The Consequences of Currency Devaluation

Article Summary: This article will take an in-depth look into the primary consequence of Currency devaluation policies: Inflation. Moderate inflation is generally considered to be a good thing, but too much inflation can be difficult to contain and become a catastrophic force to an economy.

I still remember the first day of Microeconomics 101, being flummoxed by the prospect of inflation being a ‘good’ thing. After all, if prices are increasing – that means you can buy less stuff with the same amount of money, right? This surely sounded like a destructive force to me.

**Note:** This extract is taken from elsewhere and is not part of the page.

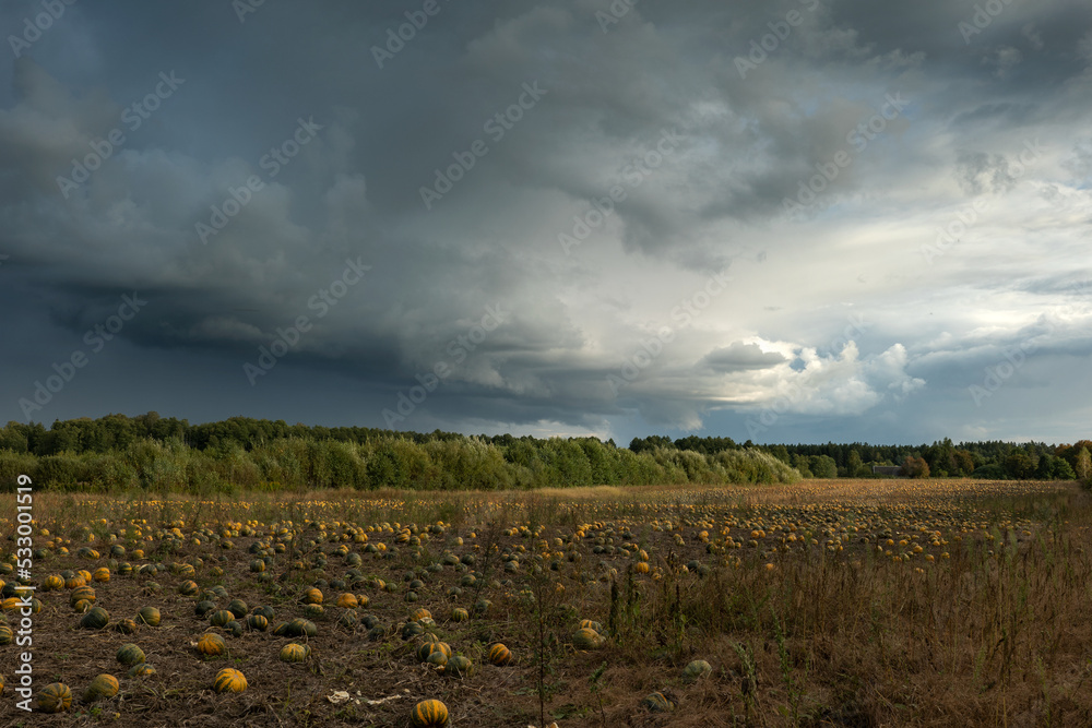 Panel Szklany Warzywa - Uprawa dyń, krajobraz, piękne chmury #533001519

It was only after that first class, in speaking with the professor that I learned about the important relationship between interest rates and inflation. The professor explained: “Inflation is like a byproduct of growth… as salaries increase and costs go up, companies have to charge higher prices for their goods. The higher prices on those goods could potentially scare customers away, so too much inflation can be a bad thing. When inflation looks to be getting too high, The Federal Reserve can increase interest rates to bring inflation back down.”

My professor continued, “inflation could be a good thing in moderation, as it is a sign and byproduct of growth in an economy.”

consequencesofcurrencydevalue_body_Picture_4.png, The Consequences of Currency Devaluation
consequencesofcurrencydevalue_body_Picture_4.png, The Consequences of Currency Devaluation

This stuck with me, the fact that we have a ‘sweet spot’ for inflation, and that too much or too little can wreak havoc on financial markets.

But to see what a destructive force inflation can be, it might help to look at an example of an economy that was absolutely ravaged by rising prices in the face of currency devaluation.

A Case Study of Inflation

The nation of Zimbabwe is a small country located in the southern portion of the African continent. The nation was under British Colonial rule until 1965, when a fight for independence began, and this came to fruition in 1979 with elections to be held the following year. In those elections, Robert Mugabe won in a landslide, and has taken on a primary role as a ‘leader’ of the country ever since.

Since then, the country has faced indomitable hardship. A ‘land reform’ program was initiated shortly after those elections, in which land was ‘redistributed.’ Given that the country was under British rule for nearly 70 years, there was a lot of land taken from farmers and given to Mugabe supporters in the ‘redistribution.’

Despite all of this – the economy grew, on average, more than 4% per year between 1980-1990. The next decade saw more growth, but this all changed in the year 2000.

Unhappy with the results of his ‘land reform’ program not redistributing arable farm land fast enough, which up to that point had been defined by a ‘willing-buyer, willing-seller’ rule, Robert Mugabe began to forcibly redistribute property in the year 2000. This is often called a ‘fast-track land reform’ program.